Infine un discorso speciale meritano le aromatizzazioni che spesso caratterizzano le produzioni artigianali, spesso frutto di fantasie dettate dal famigerato territorio di origine, termine ormai abusato in ogni settore del bere. Solo alcune di esse sembrano perfettamente riuscite, mentre la maggior parte sembrano solo degli esercizi stilistici e dimostrativi. La birra deve rimanere tradizionale e il produttore deve essere in grado di confrontarsi con gli stili classici, pils o ipa che siano, per dare al consumatore una chiara dimostrazione del suo sapere, confrontabile con altre realtà. E' proprio sui grandi classici che spesso, come si suol dire, casca l'asino. Le aromatizzazioni nei distillati, liquori e vino, spesso servivano in passato a coprire difetti produttivi o meterie prime non eccellenti....
Per produrre una buona birra sono fondamentali:
Acqua pura con importanti fattori organolettici dati dai sali disciolti in essa
Cereali (da Ceres la divinità delle messi);
Lieviti selezionati;
Luppolo che ha funzioni battericide, antisettiche ed amaricanti.
Per la fabbricazione della birra si utilizzano diversi tipi di cereali e di malti d'orzo, come il Crystal o il Sauer, ognuno con caratteristiche diverse di acidità e amidi. Il Mastro Birraio, in base allo standard qualitativo deciso deve miscelarli per ottenere un risultato sempre uguale a se stesso.La produzione prevede i seguenti passaggi: il chicco di cereale ricco di amidi, zuccheri complessi infermentabili dagli enzimi, viene posto in acqua per la maltazione e germinazione, in questo modo si creano gli zuccheri semplici, di cui si nutre il germoglio. Questi zuccheri sono fermentabili e quindi attaccabili dagli enzimi, si passa quindi all’essiccazione ed ad un’eventuale tostatura del chicco, leggera per le birre rosse (altbier o pale ale) e più marcata per le scure (stout). Per la fabbricazione di birre di qualità si usano diversi tipi di malto, spesso anche 5 tipi, ognuno con le sue caratteristiche peculiari. Vi sono malti con tendenza acida, come il "sauer" per birre leggere e beverine o come il "crystal" per birre scure strutturate.

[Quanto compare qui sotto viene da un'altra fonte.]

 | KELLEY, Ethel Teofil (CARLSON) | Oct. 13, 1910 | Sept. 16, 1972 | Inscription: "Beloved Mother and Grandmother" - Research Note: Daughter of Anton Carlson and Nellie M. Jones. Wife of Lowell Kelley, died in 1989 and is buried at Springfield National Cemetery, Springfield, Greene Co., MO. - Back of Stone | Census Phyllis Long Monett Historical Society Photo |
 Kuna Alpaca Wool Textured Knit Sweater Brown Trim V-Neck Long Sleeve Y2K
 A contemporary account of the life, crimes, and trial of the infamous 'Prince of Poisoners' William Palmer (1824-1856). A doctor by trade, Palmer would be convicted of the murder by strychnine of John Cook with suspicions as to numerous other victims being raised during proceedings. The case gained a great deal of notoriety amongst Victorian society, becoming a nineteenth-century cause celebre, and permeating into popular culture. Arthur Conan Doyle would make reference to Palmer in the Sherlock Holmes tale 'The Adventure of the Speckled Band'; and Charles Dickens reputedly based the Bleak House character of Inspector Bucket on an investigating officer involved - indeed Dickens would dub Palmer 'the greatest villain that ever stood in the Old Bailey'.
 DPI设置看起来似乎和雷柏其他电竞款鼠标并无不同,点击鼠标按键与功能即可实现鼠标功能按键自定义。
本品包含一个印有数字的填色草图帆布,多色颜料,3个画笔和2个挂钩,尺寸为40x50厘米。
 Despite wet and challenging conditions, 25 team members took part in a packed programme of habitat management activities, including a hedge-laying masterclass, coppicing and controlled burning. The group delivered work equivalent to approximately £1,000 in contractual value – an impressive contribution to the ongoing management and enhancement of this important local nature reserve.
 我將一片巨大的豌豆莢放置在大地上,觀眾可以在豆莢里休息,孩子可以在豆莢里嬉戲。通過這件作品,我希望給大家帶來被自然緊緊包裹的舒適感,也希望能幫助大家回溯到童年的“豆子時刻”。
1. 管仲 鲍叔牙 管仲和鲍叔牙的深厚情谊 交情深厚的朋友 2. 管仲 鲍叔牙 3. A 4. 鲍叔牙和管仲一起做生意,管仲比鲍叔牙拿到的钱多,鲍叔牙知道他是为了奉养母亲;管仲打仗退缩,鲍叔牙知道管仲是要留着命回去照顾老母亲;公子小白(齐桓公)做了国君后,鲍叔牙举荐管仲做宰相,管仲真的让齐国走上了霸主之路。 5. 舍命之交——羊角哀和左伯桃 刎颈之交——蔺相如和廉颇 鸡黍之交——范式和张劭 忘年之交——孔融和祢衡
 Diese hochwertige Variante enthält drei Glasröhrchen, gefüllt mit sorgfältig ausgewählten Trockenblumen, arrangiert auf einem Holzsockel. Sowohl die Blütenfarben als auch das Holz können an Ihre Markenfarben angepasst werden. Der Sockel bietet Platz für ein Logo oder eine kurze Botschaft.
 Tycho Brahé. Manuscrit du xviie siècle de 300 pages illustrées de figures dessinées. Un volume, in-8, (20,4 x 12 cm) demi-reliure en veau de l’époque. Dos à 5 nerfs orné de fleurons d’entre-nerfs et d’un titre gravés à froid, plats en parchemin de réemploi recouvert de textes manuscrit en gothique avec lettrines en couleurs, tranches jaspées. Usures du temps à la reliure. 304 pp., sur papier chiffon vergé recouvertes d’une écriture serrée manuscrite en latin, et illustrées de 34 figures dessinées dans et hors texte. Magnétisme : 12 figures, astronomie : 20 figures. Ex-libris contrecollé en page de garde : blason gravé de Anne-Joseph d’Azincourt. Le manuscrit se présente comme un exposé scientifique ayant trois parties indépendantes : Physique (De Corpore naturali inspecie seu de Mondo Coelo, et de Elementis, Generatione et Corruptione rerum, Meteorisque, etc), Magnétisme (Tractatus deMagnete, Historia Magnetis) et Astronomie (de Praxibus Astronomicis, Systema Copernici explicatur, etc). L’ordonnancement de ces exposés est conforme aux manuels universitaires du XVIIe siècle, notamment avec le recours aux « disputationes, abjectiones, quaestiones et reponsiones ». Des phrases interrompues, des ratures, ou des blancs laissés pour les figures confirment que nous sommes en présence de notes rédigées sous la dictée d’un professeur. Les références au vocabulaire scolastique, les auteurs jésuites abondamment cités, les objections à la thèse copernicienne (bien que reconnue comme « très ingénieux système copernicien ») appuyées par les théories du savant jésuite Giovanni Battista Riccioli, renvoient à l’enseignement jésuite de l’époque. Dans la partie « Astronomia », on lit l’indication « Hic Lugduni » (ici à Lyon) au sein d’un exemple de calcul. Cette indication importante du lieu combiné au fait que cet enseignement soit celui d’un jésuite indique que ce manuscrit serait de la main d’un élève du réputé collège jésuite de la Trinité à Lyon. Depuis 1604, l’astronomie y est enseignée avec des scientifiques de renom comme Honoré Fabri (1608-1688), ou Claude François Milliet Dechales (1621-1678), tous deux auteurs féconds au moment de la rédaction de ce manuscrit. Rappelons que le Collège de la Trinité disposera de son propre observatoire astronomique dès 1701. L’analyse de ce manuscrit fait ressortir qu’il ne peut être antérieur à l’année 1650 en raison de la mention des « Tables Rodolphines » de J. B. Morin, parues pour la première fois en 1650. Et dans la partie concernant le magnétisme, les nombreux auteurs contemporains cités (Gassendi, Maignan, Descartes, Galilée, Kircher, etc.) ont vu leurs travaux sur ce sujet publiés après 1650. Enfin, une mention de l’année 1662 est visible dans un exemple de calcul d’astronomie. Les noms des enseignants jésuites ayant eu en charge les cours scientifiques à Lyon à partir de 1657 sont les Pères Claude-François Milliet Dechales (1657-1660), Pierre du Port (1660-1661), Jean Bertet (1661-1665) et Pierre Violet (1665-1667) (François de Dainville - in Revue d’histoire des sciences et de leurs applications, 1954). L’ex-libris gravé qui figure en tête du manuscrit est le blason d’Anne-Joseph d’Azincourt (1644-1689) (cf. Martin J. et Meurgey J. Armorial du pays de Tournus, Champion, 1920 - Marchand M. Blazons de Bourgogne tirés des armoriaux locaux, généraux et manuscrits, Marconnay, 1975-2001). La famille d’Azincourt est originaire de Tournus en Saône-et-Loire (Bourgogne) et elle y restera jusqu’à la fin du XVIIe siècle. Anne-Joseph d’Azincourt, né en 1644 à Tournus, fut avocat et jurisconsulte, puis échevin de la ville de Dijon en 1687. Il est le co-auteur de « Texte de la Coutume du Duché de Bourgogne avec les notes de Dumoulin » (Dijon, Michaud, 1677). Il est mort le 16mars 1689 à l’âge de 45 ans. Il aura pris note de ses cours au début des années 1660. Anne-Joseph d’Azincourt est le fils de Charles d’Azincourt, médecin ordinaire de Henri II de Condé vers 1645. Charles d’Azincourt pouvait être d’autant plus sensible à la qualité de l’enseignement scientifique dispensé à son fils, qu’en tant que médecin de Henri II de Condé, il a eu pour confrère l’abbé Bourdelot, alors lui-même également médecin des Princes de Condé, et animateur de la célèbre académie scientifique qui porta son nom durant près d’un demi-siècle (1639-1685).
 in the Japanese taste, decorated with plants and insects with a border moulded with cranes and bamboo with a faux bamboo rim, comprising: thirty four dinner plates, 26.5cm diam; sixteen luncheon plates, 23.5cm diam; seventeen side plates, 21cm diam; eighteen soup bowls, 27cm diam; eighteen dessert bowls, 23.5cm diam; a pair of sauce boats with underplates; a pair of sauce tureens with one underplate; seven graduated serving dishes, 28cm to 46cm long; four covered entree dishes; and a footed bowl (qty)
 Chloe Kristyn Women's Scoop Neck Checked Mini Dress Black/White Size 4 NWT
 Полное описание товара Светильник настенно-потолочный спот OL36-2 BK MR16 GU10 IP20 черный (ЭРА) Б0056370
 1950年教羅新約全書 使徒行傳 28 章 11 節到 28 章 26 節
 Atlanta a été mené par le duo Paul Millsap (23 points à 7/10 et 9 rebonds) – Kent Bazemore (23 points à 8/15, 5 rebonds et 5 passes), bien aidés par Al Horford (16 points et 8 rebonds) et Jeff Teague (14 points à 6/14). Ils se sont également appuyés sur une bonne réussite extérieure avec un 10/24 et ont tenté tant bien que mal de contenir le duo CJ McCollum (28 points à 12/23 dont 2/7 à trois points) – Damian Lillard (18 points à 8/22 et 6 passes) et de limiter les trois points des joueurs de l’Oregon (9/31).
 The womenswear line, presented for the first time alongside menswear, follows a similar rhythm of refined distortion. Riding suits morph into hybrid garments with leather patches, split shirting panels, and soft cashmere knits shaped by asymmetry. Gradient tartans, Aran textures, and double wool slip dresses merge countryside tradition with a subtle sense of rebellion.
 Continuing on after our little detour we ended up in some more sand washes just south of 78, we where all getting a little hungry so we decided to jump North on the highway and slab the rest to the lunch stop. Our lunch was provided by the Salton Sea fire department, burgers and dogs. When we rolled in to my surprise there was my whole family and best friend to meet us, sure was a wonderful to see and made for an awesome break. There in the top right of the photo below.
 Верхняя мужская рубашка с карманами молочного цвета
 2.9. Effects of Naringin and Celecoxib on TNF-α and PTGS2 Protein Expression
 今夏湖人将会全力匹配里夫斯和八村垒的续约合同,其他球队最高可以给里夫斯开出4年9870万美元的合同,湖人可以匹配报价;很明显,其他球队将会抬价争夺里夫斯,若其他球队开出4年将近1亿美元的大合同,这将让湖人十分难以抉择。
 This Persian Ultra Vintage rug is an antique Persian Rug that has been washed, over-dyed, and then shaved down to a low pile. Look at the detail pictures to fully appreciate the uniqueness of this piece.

La percentuale di malto d'orzo deve essere come minimo del 60% , mentre il restante 40% può essere di cereali succedanei come il mais, il riso o altri amidi.
La fase successiva è l’ammostamento, la miscelazione della farina ottenuta con i chicchi d'orzo con acqua clada che inizia a demolire ed emulsionare gli zuccheri. Questa delicata fase si svolge in più riprese e a varie temperature. La base di partenza è di 35 gradi, poi a step successivi, grazie a serpentine di vapore che scaldano il mosto, si sale a 45, 55, 62 e infine a 72 gradi. La temperatura deve essere mantenuta ad ogni step per un periodo che varia a seconda della sensibilità del Mastro Birraio che conosce le materie prime di volta in volta a sua disposizione.L'intero processo dura per un paio d'ore, necessaria affinchè tutti gli zuccheri vengano emulsionati.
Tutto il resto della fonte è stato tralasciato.